Die von Bäumen umgebene Kirche Herrnrast steht weithin sichtbar auf einer Anhöhe. Mehrere Legenden u.a. von einem Hirtenmädchen, das hier den Herrn rasten sah, bewirkten die Gründung. Der erste Bau entstand vermutlich 1599 und wurde nach Beschädigung im Dreißigjährigen Krieg 1689 erneuert. Schon 1669 hatte sich zur Betreuung der Kirche ein Einsiedler niedergelassen. Im Oberstock der Sakristei befindet sich noch heute ein kleiner leerstehender Raum, der dem Eremiten als Wohnung diente.

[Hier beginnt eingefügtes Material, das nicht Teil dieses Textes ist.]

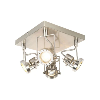 General description A beautiful steel ceiling or wall spot that provides pleasant and clear light distribution without sacrificing atmosphere. This lamp is a real addition to your interior, featuring a modern industrial design. It has four GU10 fittings and is supplied without light sources, so make sure to order them separately (max. 50W). The lamp is dimmable with an external dimmer (dimmer not included) and is perfect for various living spaces such as the kitchen, hallway, dining room, bedroom, and living room. Technical specifications Height: 15.5 cm Mounting plate dimensions: 24 cm (length) x 24 cm (width) Bulb holder: GU10 Max power: 4 x 50 W Voltage: 220V/230V Protection class: IP20 Lightsource: Exclusive Usage This lamp is suitable for indoor lighting and can be used in various rooms to create a stylish atmosphere. It is ideal for accent lighting in kitchens and hallways. Other information

Zu Beginn des 19. Jh. erfreute sich Herrnrast bei den Gläubigen aus der Umgebung großer Beliebtheit. Pilger aus nah und fern besuchten die immer bekannter werdende Wallfahrtskirche, und der sonst so stille Hügel von Herrnrast erlebte in der Folge alljährlich eine zweitägige Kirchweih, die mit Händlern, allerlei Buden und Wurstständen bald zu einem beliebten Volksfest anwuchs. Bei einer Kirchweih soll angeblich sogar Max II. mit seiner Familie zugegen gewesen sein. Wenn man heute auf der Anhöhe von Herrnrast steht, kann man sich dieses Treiben fast bildlich vorstellen.Die Blütezeit der Kirchweih dauerte bis 1870, dann geriet sie allmählich in Vergessenheit.

Die vielen Votivgaben in der östlichen Seitennische der Kirche weisen Herrnrast als alten Wallfahrts- und Zufluchtsort für viele Pilger aus dem oberen Ilmtal aus. In unserer Zeit wurde der schlechte Zustand der Kirche immer deutlicher. Schließlich bewahrte der Pfaffenhofener Nährmittelfabrikant Claus Hipp in einer Privatinitiative mit Unterstützung des Münchner Erzbischöflichen Ordinariats das alte baufällige Gebäude vor dem Verfall. Die Renovierung wurde von Mitarbeitern der Firma Hipp und von Rentnern, die sich freiwillig zur Verfügung stellten, unter Anleitung von Fachleuten durchgeführt.

Eine Besonderheit sind die drei Barockaltäre stellen einfache Kistlerarbeiten dar. Der frühbarocke Hochaltar beherbergt die Gnadenfigur des Christus in der Rast (daher der Name „Herrnrast“). Bei dieser frühbarocken plastischen Darstellung ist Christus nur mit einen Lendenschurz bekleidet; er sitzt auf einem Steinblock und hat trauernd das Haupt in seine rechte Hand gestützt, die Kreuzigung erwartend.